Agile Offshoring

The server side has an article about agile offshoring. It’s quite a good article highlighting some of the things you need to consider, and my experiences of working with an offshore team are quite similar. The thing I wanted to comment on isn’t so much the article as one of the comments.

The biggest news in this article is the suggestion that offshoring is still perceived as successful by some people.

I’m hard pressed to find a single example I’m aware of that was remotely successful. Usually it’s a great way to build software of lower quality, in longer time frames while spending all of your ’savings’ on additional middle management to deal with the colossal headache that is off-shoring.

But you can still find folks who think EJBs are the greatest thing since slice bread so I guess word travels slowly.

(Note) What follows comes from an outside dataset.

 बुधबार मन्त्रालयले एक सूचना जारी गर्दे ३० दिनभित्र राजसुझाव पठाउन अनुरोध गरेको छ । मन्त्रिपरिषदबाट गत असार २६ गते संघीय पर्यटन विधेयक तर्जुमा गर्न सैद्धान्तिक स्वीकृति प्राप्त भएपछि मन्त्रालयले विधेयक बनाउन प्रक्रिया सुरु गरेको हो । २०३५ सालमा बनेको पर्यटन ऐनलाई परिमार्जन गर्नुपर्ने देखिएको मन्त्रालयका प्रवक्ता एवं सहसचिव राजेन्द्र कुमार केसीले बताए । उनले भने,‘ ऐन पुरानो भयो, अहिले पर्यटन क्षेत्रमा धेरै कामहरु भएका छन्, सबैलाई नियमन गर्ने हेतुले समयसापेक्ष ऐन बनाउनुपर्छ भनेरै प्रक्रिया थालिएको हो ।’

Wake up and smell the curry! Offshoring can be a complete disaster, but if it is then the root cause is most likely the result of incorrect assumptions or poor delivery by the onshore teams. Offshoring can be successful and is here to stay. Let’s be clear I’m not an offshored employee; I work onshore (in the UK); I’m not someone who has immigrated from an offshored country; the job that I do is under threat by offshoring - so I’m not biased, ok!

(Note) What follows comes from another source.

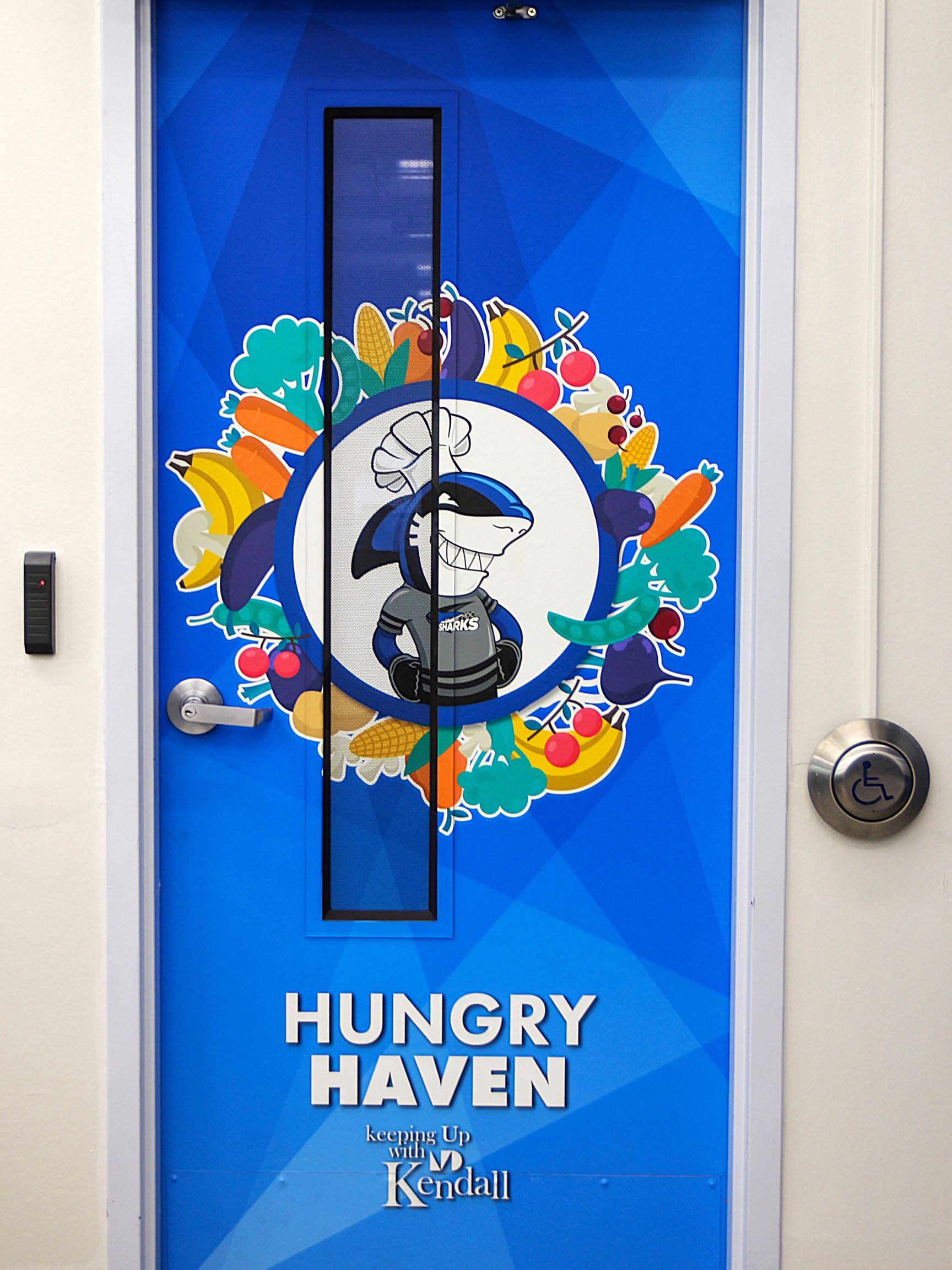 The pantry’s doors were branded with a blue decal that reads “Hungry Haven” and “Keeping Up With Kendall.”  Miami Dade College’s mascot, Finn, is pictured at center, sporting a chef’s hat and surrounded by fruits and vegetables.

Not able to find a single example eh? The article gives you one and I can give you more. Let’s be clear, software development is hard, offshoring makes it harder; there’s geographical separation, cultural difference etc. This makes it harder. But there are opportunities, there are a number of very skilled individuals out there; there are an awful lot more rubbish developers but given the size of the pool it shouldn’t be too difficult to resource a project team with very keen and able people who are hungry to deliver a good solution. I don’t buy into the view that offshore developers are poor developers; my recent experiences of interviewing onshore developers are that they are often equally (or more) poor but with a really bad “I want to be an architect as quickly as possible” arrogant attitude.

Middle management? Sure there may need to be a slight increase in management but certainly no more onshore, any additional managers should be offshore and adding direct and measurable value; as should any remaining onshore managers. Senior management can certainly be a constraining factor with unrealistic expectations of cost savings without fully taking into account the additional costs. Also, cross-geography contractual issues can be a pain; but these should always be mitigated by a great peer-based team working relationship between the on and off-shore teams. The peer based, earned, mutual respect approach is essential - if you go into the project with an attitude of “I’m onshore, I’m clever” you’ll fail. You may be clever, but you will fail.

Hard, yes; possible, yes. If you fail it’s your fault, not the offshore team’s; their normal cultural attitude is to deliver what you want and to please you. So let me make it clear - if what they’ve (offshore) delivered to you (onshore) isn’t what you wanted or of a poor quality, that’s your fault not the offshore team’s fault.

As for the comment on EJBs - whilst I’m entrenched in Java technologies, I’m not a great fan. I firmly believe that J2EE has been the single most disruptive influence in technology in recent years - it has promised much and delivered very little. EJB 3.x is where EJB 1.x should have been and Sun should be ashamed… but that’s a whole separate blog article.